== Task description ==
Starting at the line that has "F8A Chain serves" and stopping after the line that has "Замечательный свитер. Полностью", reproduce the listing below exactly; omit everything else.

== Provided records ==
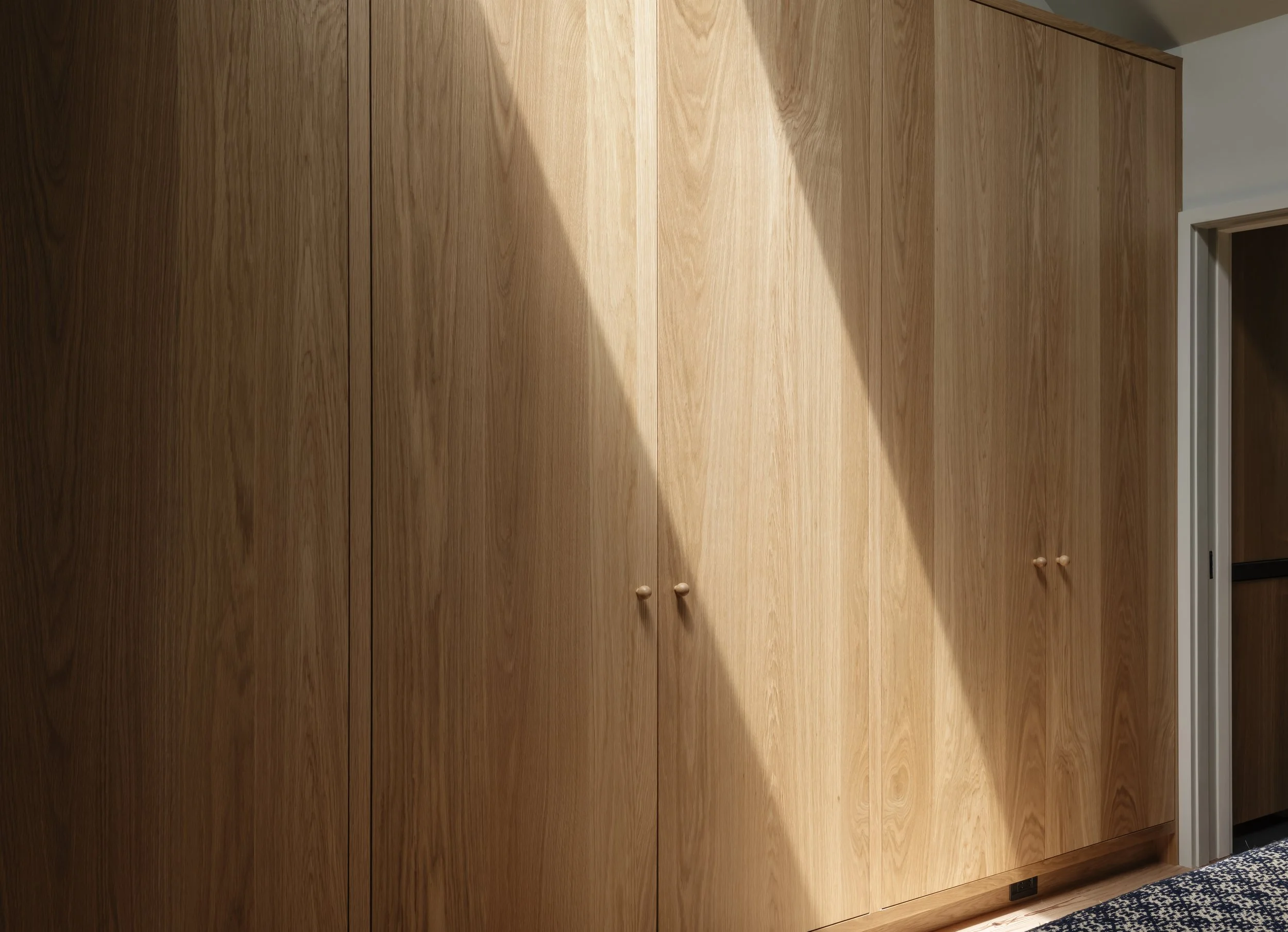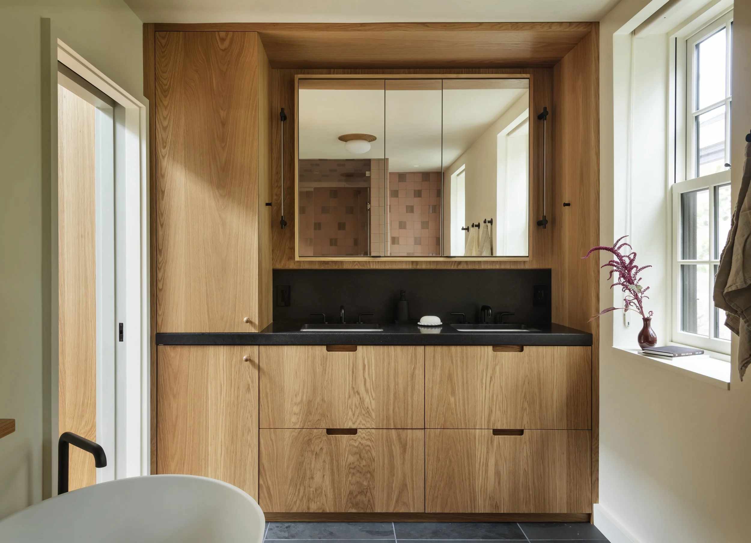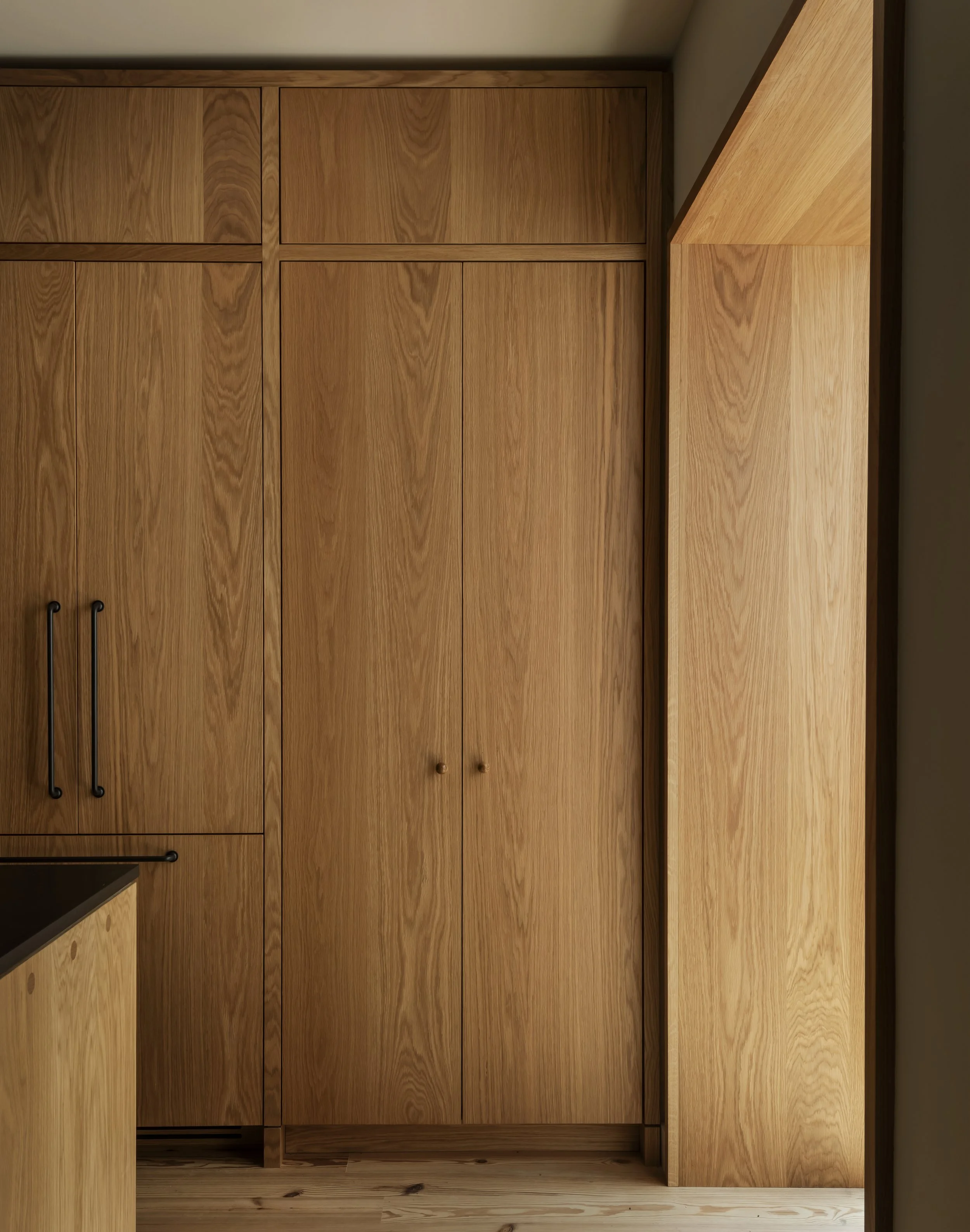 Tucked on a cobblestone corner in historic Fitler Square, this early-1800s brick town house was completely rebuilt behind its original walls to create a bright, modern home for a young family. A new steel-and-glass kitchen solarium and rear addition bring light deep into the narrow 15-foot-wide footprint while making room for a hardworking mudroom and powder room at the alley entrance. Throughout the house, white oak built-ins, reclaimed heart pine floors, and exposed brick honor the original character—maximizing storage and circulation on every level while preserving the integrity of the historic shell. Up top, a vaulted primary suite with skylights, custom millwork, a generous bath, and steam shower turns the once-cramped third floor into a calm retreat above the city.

---

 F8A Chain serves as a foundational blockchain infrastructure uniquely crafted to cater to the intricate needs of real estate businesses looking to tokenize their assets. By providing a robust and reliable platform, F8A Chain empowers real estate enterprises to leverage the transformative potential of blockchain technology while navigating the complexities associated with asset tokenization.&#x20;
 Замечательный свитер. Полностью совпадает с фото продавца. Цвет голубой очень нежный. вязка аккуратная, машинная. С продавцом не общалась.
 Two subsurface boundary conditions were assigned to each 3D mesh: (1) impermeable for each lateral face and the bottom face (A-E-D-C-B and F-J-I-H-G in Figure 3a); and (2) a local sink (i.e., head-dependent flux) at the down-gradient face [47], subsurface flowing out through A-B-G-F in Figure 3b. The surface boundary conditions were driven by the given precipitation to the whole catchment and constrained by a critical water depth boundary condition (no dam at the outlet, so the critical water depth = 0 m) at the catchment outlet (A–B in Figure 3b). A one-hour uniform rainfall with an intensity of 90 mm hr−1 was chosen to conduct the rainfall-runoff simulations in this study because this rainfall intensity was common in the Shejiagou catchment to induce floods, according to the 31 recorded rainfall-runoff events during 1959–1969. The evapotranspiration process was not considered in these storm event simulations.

== Response box ==
 F8A Chain serves as a foundational blockchain infrastructure uniquely crafted to cater to the intricate needs of real estate businesses looking to tokenize their assets. By providing a robust and reliable platform, F8A Chain empowers real estate enterprises to leverage the transformative potential of blockchain technology while navigating the complexities associated with asset tokenization.&#x20;
 Замечательный свитер. Полностью совпадает с фото продавца. Цвет голубой очень нежный. вязка аккуратная, машинная. С продавцом не общалась.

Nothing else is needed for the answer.